WealthReach conducted more than 30,000 audits of RIA websites and found that the industry’s two dominant website models share the same fundamental failure: both are missing the basic technical foundations that determine whether a site ranks at all. The majority of sites audited had missing or duplicate meta descriptions, broken header structures and thin content—failing the search engine optimization (SEO) and answer engine optimization (AEO) basics that Google and AI engines require to surface a firm over its competitors. In effect, this reflects false advertising from legacy providers and marketing firms where advisors are promised a website that delivers, yet remains invisible where prospects are searching. 

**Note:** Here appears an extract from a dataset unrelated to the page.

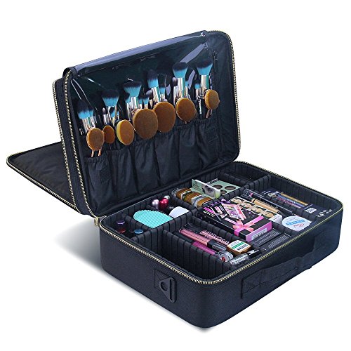 Large Makeup Case,Professional Cosmetic Makeup Bag,3 Layer Cosmetic Organizer,Travel Makeup Bag with Shoulder Strap with Cosmetics...
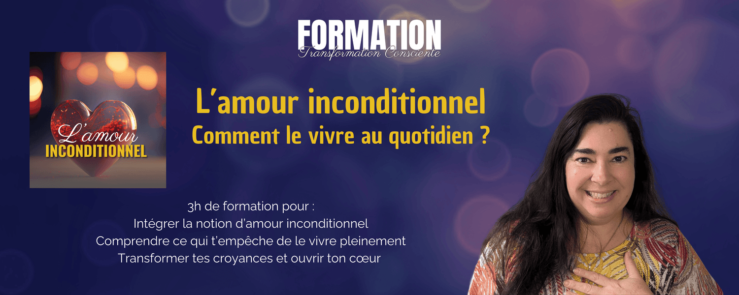 Si tu as l'impression que tu n'arrives pas à mettre en pratique les conseils pour vivre l'amour inconditionnel dans ton quotidien, c'est que ton ego résiste car tes blessures sont trop fortes. Dans ce cas je te conseille la formation "chemin de guérison" ou de prendre une consultation avec moi pour découvrir les croyances qui te bloquent.

Templated subscription providers compound that failure with a second one, shipping thousands of advisors essentially the same cookie-cutter content so search and AI engines have no basis to surface one firm over another. Advisors are sold an “SEO-optimized” website that’s invisible online unless a prospect searches for the firm by name. Custom builds costing $25,000 or more present the opposite problem, with polished design and original copy that looks great on launch day, but often sit untouched for years while search behavior, client needs and the competitive landscape change every week.